Returns a utilization summary showing how many tokens are allocated per section, how many were used by the provided content, and overall utilization percentages.

Parameters:

| Parameter | Type | Description | |---|---|---| | sections | Record<string, string> | Map of section names to content strings. |

Returns: BudgetReport

| Field | Type | Description | |---|---|---| | totalBudget | number | Available tokens after output reservation. | | used | number | Total tokens consumed across all sections. | | remaining | number | totalBudget - used. | | utilizationPct | number | (used / totalBudget) * 100. | | sections | SectionReport[] | Per-section breakdown. |

Each SectionReport contains:

| Field | Type | Description | |---|---|---| | name | string | Section name. | | allocated | number | Tokens allocated to this section. | | used | number | Tokens actually consumed by the content. | | remaining | number | allocated - used. | | utilizationPct | number | (used / allocated) * 100. |

const budget = createBudget({
  contextWindow: 10000,
  outputReservation: 1000,
  sections: { system: { basis: 0, grow: 1 } },
});

const report = budget.report({ system: 'You are a helpful assistant.' });
// report.totalBudget    => 9000
// report.used           => 8 (approximate token count)
// report.remaining      => 8992
// report.utilizationPct => ~0.09

`getModelContextWindow(model: string): number | undefined`

Returns the context window size for a known model name, or undefined if the model is not recognized. Resolves aliases automatically (e.g., claude-sonnet-4-20250514 resolves to claude-sonnet-4).

Parameters:

| Parameter | Type | Description | |---|---|---| | model | string | Model name or alias. |

Returns: number | undefined

import { getModelContextWindow } from 'context-budget';

getModelContextWindow('gpt-4o');                  // 128000
getModelContextWindow('claude-opus-4');            // 200000
getModelContextWindow('claude-opus-4-20250514');   // 200000 (alias)
getModelContextWindow('gemini-1.5-pro');           // 2097152
getModelContextWindow('unknown-model');            // undefined

`registerModel(name: string, contextWindow: number): void`

Registers a custom model at runtime, or overrides an existing built-in model. Registered models are immediately available to createBudget() and getModelContextWindow().

Parameters:

| Parameter | Type | Description | |---|---|---| | name | string | Model name. | | contextWindow | number | Context window size. Must be a positive integer. |

Throws: Error if contextWindow is not a positive integer.

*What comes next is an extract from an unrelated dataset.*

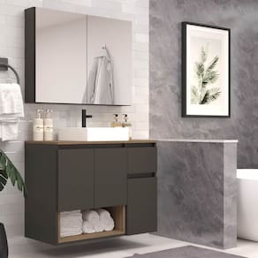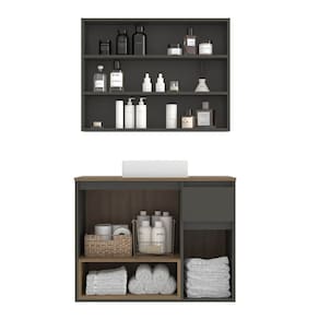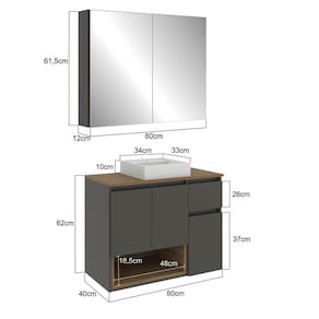 O conjunto de balcão gabinete e espelheira CJ9240 é perfeito para fazer parte do seu banheiro. Possui design moderno e sofisticado e vai deixar sua casa elegante e confortável! A espelheira bem espaçosa possui 2 portas com espelho e 2 prateleiras internas práticas para armazenar produtos de higiene pessoal, medicamentos e acessórios de banheiro e o gabinete possui 3 portas com bastante espaço interno , 1 gaveta e 1 nicho. Acompanha cuba de sobrepôr branca. Acabamento da Cuba: Acetinado Acabamento da Gaveta: Finish Foil Acabamento da Porta: Finish Foil Acabamento da Prateleira: Finish Foil Acompanha Cuba: Sim Acompanha Gaveteiro: Não Acompanha Manual de Instalação: Sim Acompanha Parafusos Para Fixação Na Parede: Sim Acompanha Tampo: Sim Acompanha Válvula: Não Altura do Espelho: 61 cm Ambiente Principal: Banheiro codigo_ean: 7900288137876 Complexidade da Montagem: Média: pode ser montado por mais de uma pessoa e/ou necessite de maior conhecimento para montagem Comprimento da Prateleira: 76,9 cm Cor: Mel/Grafite Cor da Cuba: Branca Cor da Gaveta: Preto Cor da Porta: Preto Cor do Produto: Mel/Grafite Cor Flex: Não Cor Interna: Mel/Grafite Escala de Brilho: Fosco Escala de Brilho da Gaveta: Fosco Escala de Brilho da Porta: Fosco Escala de Brilho da Prateleira: Fosco Espessura do Espelho: 3 mm Formato da Cuba: Retangular Formato do Espelho: Retangular Formato Espelheira: Retangular Furação para Cuba e Torneira: Não Gaveta com Chave: Não Itens Inclusos: 1 Conjunto de Móveis para Banheiro, Kit para Instalação e Manual de Montagem Largura do Espelho: 39 cm Linha ou Coleção: Banheiro Manual de Montagem e Instalação: https://cdn2.madeiramadeira.com.br/atributo/faema/2897992-5225-17462066530958.pdf Marca: FAEMA Material da Cuba: Mármore Sintético Material da Gaveta: MDP Material da Porta: MDP Material da Prateleira: MDP Material do Tampo: MDP Material Principal: MDP Medida da Cuba (C x L x P): 34x33x33 Medida da Espelheira (A x L x P): 61,5x80x12 Medida do Gabinete (A x L x P): 62x80x40 Montagem Flex: Não Necessita Montagem: Sim Origem do Produto: Nacional Peso: 41,5 kg Peso Máximo por Gaveta: 5 kg Peso Máximo por Prateleira: 5 kg Possui Espelheira: Sim Possui Gabinete: Sim Possui Gavetas: 01 Possui iluminação: Não Possui Nichos: Sim Possui Pés: Suspenso Possui Porta de Vidro: Não Possui Portas: 05 Possui Recorte No Tampo Para Cuba: Não Possui Recorte No Tampo Para Misturador: Não Possui Rodízio: Não Possui Sifão: Não Possui Tampo: Sim Possui Tampo de Vidro: Não Produto Montado: Não Quantidade de Espelhos: 02 Espelhos com Tamanhos Iguais Recomendações de Uso, Manutenção e Limpeza: Para a limpeza do móvel utilizar pano levemente umedecido com água Sistema de Montagem: Parafusos,cavilhas e minifix Suporta Até (kg): 55 kg Suporte para Toalheiro: Não Tamanho do Espelho (A x L): 61 x 39 Tamanho do Gabinete: Médio: de 60cm a 80cm de largura Tamanho do Produto: 123,5x80x40 Tipo de Corrediça da Gaveta: Metálica Simples Tipo de Cuba: Sobrepor Tipo de Dobradiça/Corrediça da Porta: Metálica Tipo de Fixação do Espelho: Silicone Tipo de Gabinete: Gabinete Suspenso Tipo de Gaveta: Externa Tipo de Porta: Bater Tipo de Puxador da Gaveta: Não Contém Tipo de Puxador da Porta: Não Contém

import { registerModel, createBudget } from 'context-budget';

registerModel('my-fine-tuned-model', 65536);

const budget = createBudget({
  model: 'my-fine-tuned-model',
  preset: 'chatbot',
});

Configuration

BudgetConfig

| Field | Type | Default | Description | |---|---|---|---| | contextWindow | number | -- | Total context window size in tokens. Mutually exclusive with model. | | model | string | -- | Model name to look up the context window size. Mutually exclusive with contextWindow. | | outputReservation | number | 0 | Tokens reserved for model output. Subtracted from the context window to compute available budget. | | preset | 'chatbot' \| 'rag' \| 'agent' \| 'full' | -- | Built-in section preset. Sections from the preset can be overridden via sections. | | sections | Record<string, SectionConfig> | -- | Per-section configuration. Merged on top of preset sections if both are provided. | | tokenCounter | (text: string) => number | Math.ceil(text.length / 4) | Custom token counting function. Used by fit() and report(). |

Exactly one of contextWindow or model must be provided.

SectionConfig

| Field | Type | Default | Description | |---|---|---|---| | basis | number \| string | Varies by section | Initial allocation. A number (absolute tokens), 'auto' (content-sized), or a percentage string like '20%'. | | grow | number | 0 | Flex-grow factor. Controls how much surplus space this section absorbs. grow: 2 absorbs twice as much as grow: 1. | | shrink | number | 1 | Flex-shrink factor. Controls how much this section gives up under deficit. shrink: 0 protects the section. | | min | number | 0 | Minimum token allocation (hard floor). | | max | number | Infinity | Maximum token allocation (hard ceiling). | | priority | number | 50 | Triage priority. Lower-priority sections are omitted first when minimums cannot be met. Priority 100 sections are never omitted. | | overflow | OverflowStrategy | 'truncate' | What happens when content exceeds allocation: 'truncate', 'error', 'warn', or 'summarize'. | | truncation | TruncationStrategy | 'head' | How to truncate: 'head' (keep start), 'tail' (keep end), 'middle-out', or 'messages' (drop oldest messages). |

Presets

Built-in presets provide common section layouts:

| Preset | Sections | |---|---| | 'chatbot' | system, conversation, currentMessage | | 'rag' | system, rag, currentMessage | | 'agent' | system, tools, memory, conversation, currentMessage | | 'full' | system, tools, memory, rag, conversation, currentMessage |

Each preset section uses the built-in defaults shown below. Use the sections config to override individual fields on top of a preset.

Built-in Section Defaults

| Section | basis | grow | shrink | min | priority | overflow | truncation | |---|---|---|---|---|---|---|---| | system | 'auto' | 0 | 0 | 0 | 100 | 'error' | 'head' | | tools | 'auto' | 0 | 1 | 0 | 70 | 'warn' | 'tail' | | memory | 0 | 1 | 2 | 0 | 50 | 'truncate' | 'tail' | | rag | 0 | 2 | 1 | 0 | 50 | 'truncate' | 'tail' | | conversation | 0 | 1 | 1 | 2000 | 80 | 'truncate' | 'messages' | | currentMessage | 'auto' | 0 | 0 | 0 | 100 | 'error' | 'tail' |

Custom section names (any name not listed above) use: basis 0, grow 0, shrink 1, min 0, max Infinity, priority 50, overflow 'truncate', truncation 'head'.

Supported Models

The built-in model registry includes context window sizes for:

OpenAI: gpt-4o (128K), gpt-4o-mini (128K), gpt-4-turbo (128K), gpt-4 (8K), gpt-4-32k (32K), gpt-3.5-turbo (16K), gpt-3.5-turbo-16k (16K), gpt-4.1 (1M), gpt-4.1-mini (1M), gpt-4.1-nano (1M), o1 (200K), o1-mini (128K), o3 (200K), o3-mini (200K), o4-mini (200K)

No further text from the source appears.